Federal regulators continue to explore how electric storage can participate in wholesale markets, and have directed the Midcontinent ISO to file tariff changes. The commission denied IPL’s petition on two of three points, also declining to find the grid operator’s tariff unjust and unreasonable with respect to the current dispatch protocols for regulation service.
But FERC did say the tariff “unnecessarily restricts competition” by preventing storage from providing all the services that they are technically capable of providing. The order calls in the grid operator to explore the participation of all forms of storage, “regardless of the technology, in all MISO markets that they are technically capable of participating in, taking into account their unique physical and operational characteristics.”

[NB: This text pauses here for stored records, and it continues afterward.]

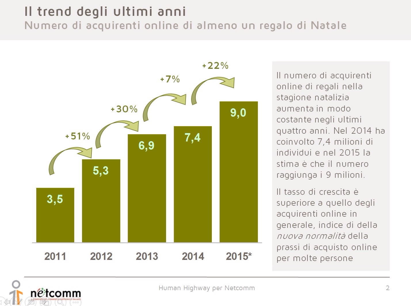 “Abbiamo stimato in 3,1 miliardi di euro il totale di acquisti online che saranno effettuati nei 45 giorni che precedono il Natale e ben 1,8 miliardi sono attribuibili ad acquisti di prodotti fisici” dichiara Roberto Liscia, Presidente di Netcomm, Consorzio del Commercio elettronico italiano. “Negli ultimi quattro anni questa tendenza ha visto una crescita continua e costante: nel 2011 gli italiani che affermavano che avrebbero comprato almeno un regalo di Natale online erano 3,5 milioni; nel 2015 sono 9 milioni”.
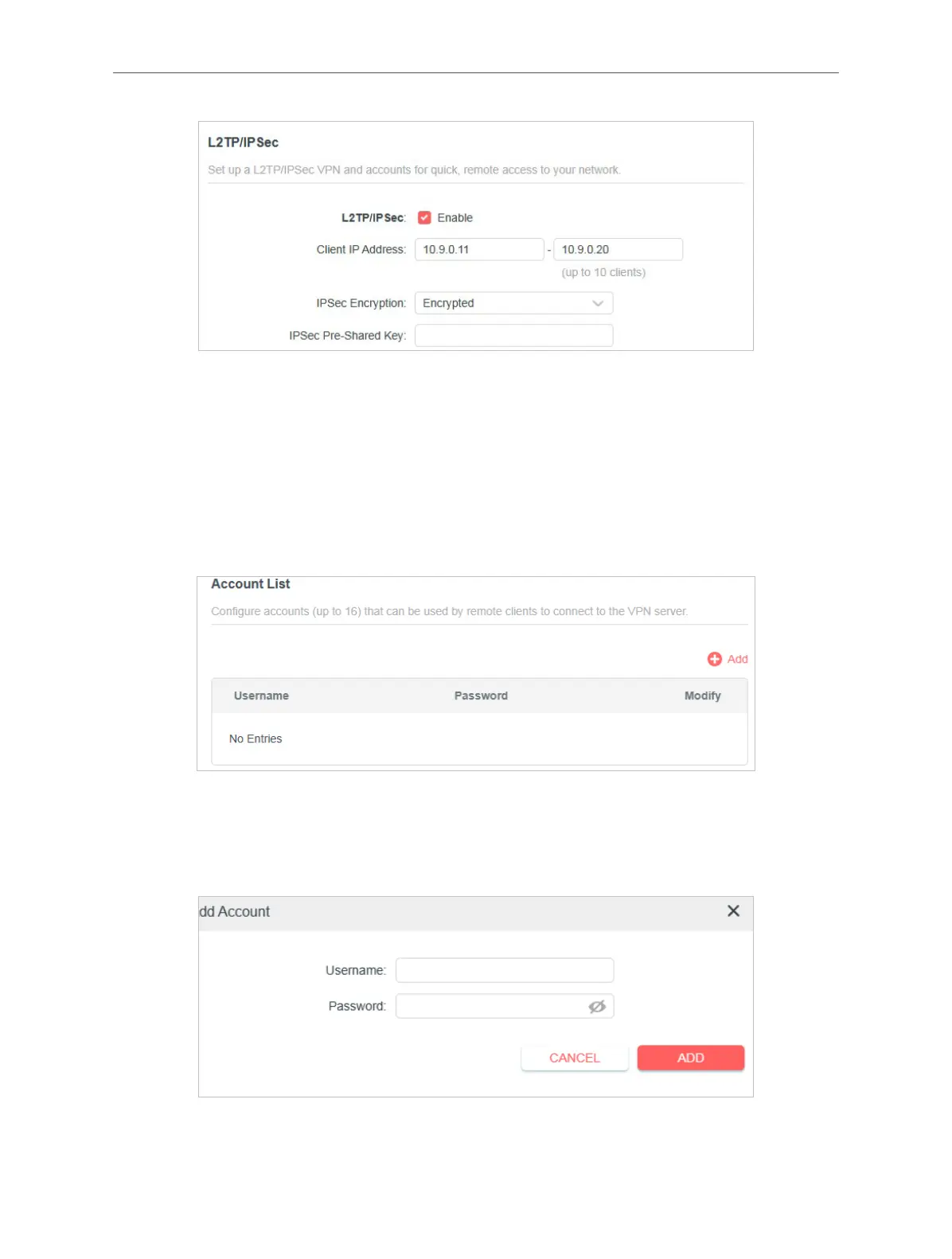 6. Congure the L2TP/IPSec VPN connection account for the remote device. You can
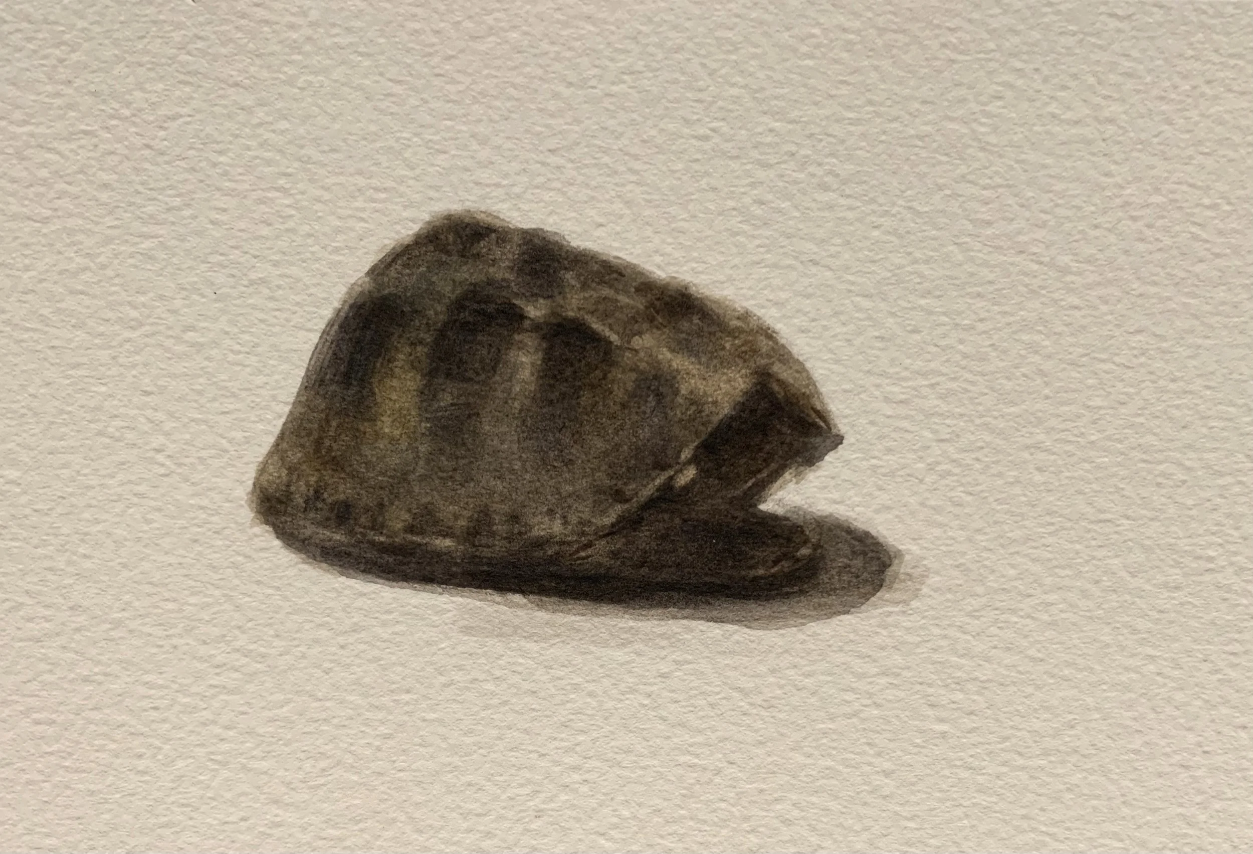 Apple Snail watercolor on paper 4" x 6" 2024 price on request

IPL filed its complaint in October, complaining the MISO tariff was unjust in how it treated storage, in particular
the utility’s grid-scale lithium ion Harding Street Station Battery Energy Storage System. The 20 MW, 20 MWh project went into service in May, but the company has complained that while the batteries are valuable, there is no regulatory path for IPL to get paid.
You can read more of Utility Dive’s coverage about the project, and how IPL is seeking to revise storage tariffs, here. The utility knew the grid rules were not favorable for battery storage back in 2009 when it began developing plans for the project, but it was hopeful that those issues would be addressed.
“We thought we would be able to tweak the regulations, but that didn’t happen,” Lin Franks, senior strategist for RTO, FERC and compliance Initiatives at IPL, told Utility Dive at the time.